Arzneimittelengpass

Pharma-Industrie soll Lager einrichten

Hunderte Arzneimittel sind in Österreich nicht oder nur eingeschränkt verfügbar. Führende Krankenhausapotheker forderten jetzt im Gespräch mit der APA die Einrichtung nationaler Lager für Medikamente durch die Pharmaindustrie. Insgesamt dürften Österreichs Spitäler aber - auch durch Covid-19 - besser aufgestellt sein als zuvor. In den Apotheken soll eine erweiterte Notfall-Abgaberegelung die Aut-idem-Debatte (gemeint: Debatte um die Wirkstoffverschreibung) entschärfen.

red/Agenturen

„In den Krankenhäusern sind wir verpflichtet, einen Vorrat an Medikamenten für zumindest 14 Tage zu haben. Die Pharmaindustrie und der pharmazeutische Großhandel sind nicht zur Vorratshaltung verpflichtet. Pfizer hat sein Lager in Deutschland, Glaxo in Italien. Industrie und Großhandel sollten wieder nationale Lager aufbauen. Das geht am schnellsten“, sagte Gunda Gittler, Leiterin der Krankenhausapotheke der Barmherzigen Brüder in Linz, verantwortlich auch für den Einkauf der Einrichtungen der Barmherzigen Brüder insgesamt sowie für die öffentliche Apotheke des Linzer Spitals zuständig. Zu Beginn der Covid-19-Pandemie hat sich laut der Pharmazeutin herausgestellt, wie rasch auch in der EU die Grenzbalken selbst für potenziell lebensrettende Produkte wieder heruntergehen könnten.

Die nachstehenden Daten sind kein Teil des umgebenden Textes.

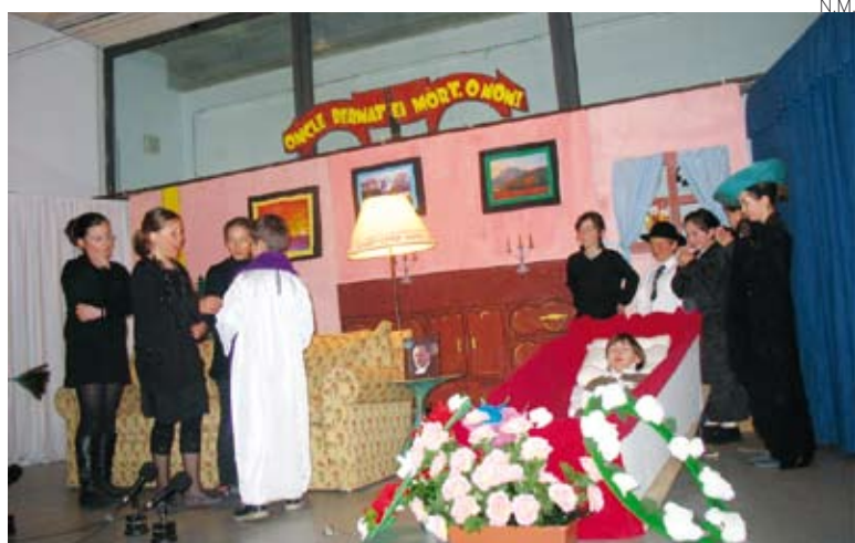
Un momento de la representación teatral escolar.

A.I. Joan Laporta, con sus entrevistadores de Radio Garona.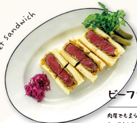
Beef cutlet sandwich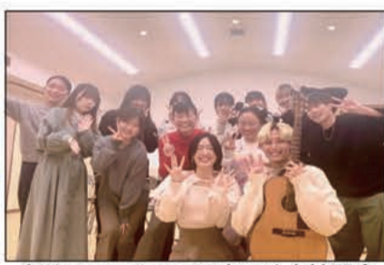
↑Charmant cocoのお二人と練習会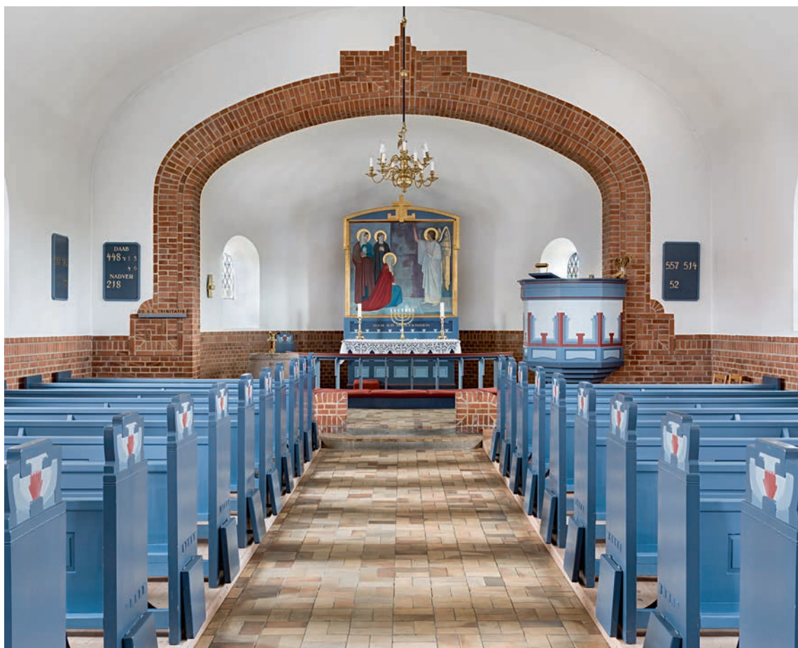
Fig. 2. Indre set imod øst. – Interior seen towards the east.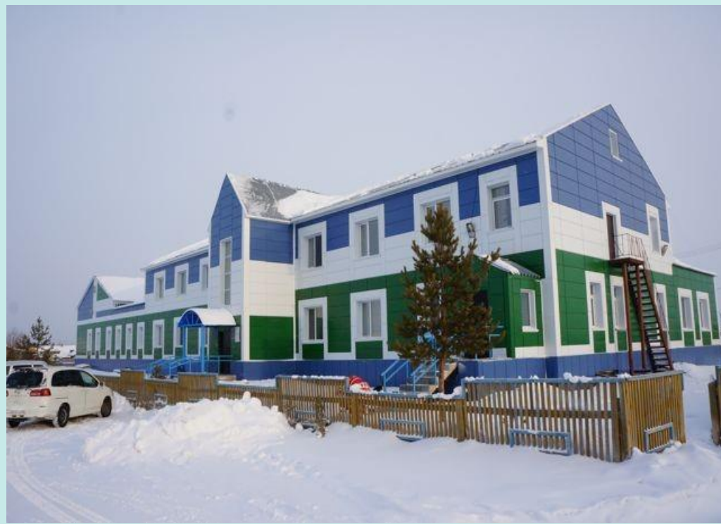
Здание больницы в с.Казым 25.12.2012 г.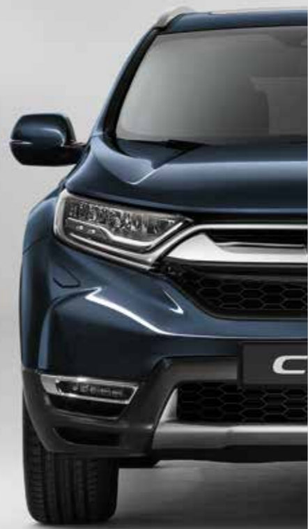
METALICKÁ COSMIC BLUE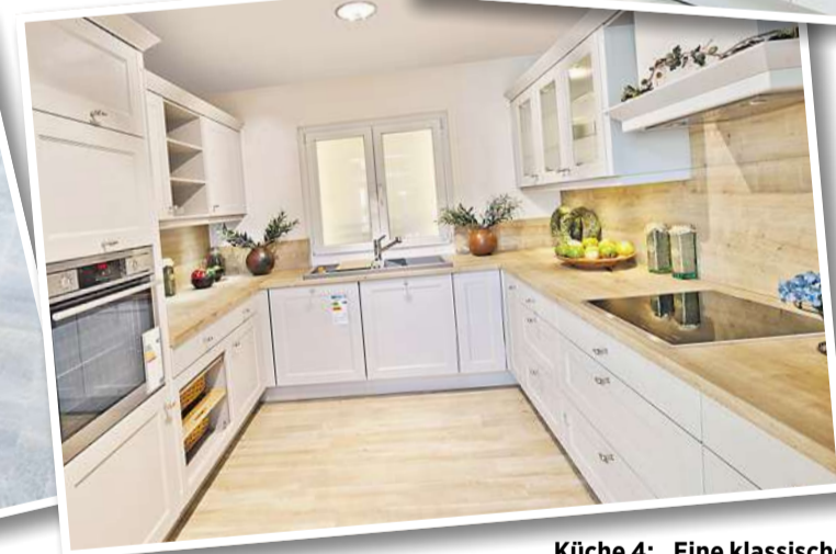
Küche 4: „Eine klassische Landhausküche in dem neuen Farbton sandgrau. Aus meiner Sicht bietet sie eine tolle aufgelockerte Planung auf kleinem Raum.“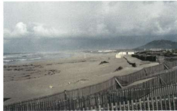
Defesa da Orla Costeira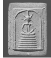
3. พิมพ์ฐานหกชั้นนอกตลอด

ภาพที่ 3 (ลำดับ 1 - 3) แสดงพระสมเด็จวัดเกตไชโย พิมพ์นิยมฐานเจ็ดชั้น พิมพ์ฐานหกชั้นนอกตัน และพิมพ์ฐานหกชั้นนอกตลอด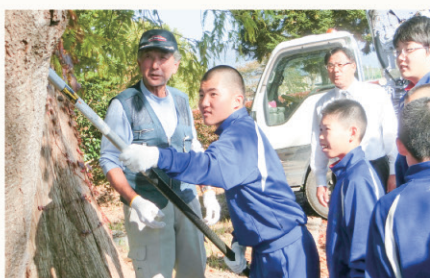
▲普及啓発の担い手となる森林ボランティアの支援を推進します。

Das Thema der mangelnden Verfügbarkeit von Arzneimitteln ist ein hoch komplexes Problem: unterschiedliche Gegebenheiten für Krankenhäuser und extramural (niedergelassene Ärzte, öffentliche Apotheken), Lieferschwierigkeiten durch echte Produktionsausfälle, Transportprobleme, Marktmechanismen (unterschiedliche Preise) und vieles mehr stehen im Hintergrund. Hinzu kommt, dass es ein wesentlicher Unterschied ist, ob ein Schwerkranker ein für ihn kritisches Medikament nicht erhalten kann oder - zum Beispiel - bei einem Bluthochdruckpatienten bloß von einem Präparat auf ein gleichwertiges mit selben Wirkstoff eines anderen Unternehmens gewechselt werden muss.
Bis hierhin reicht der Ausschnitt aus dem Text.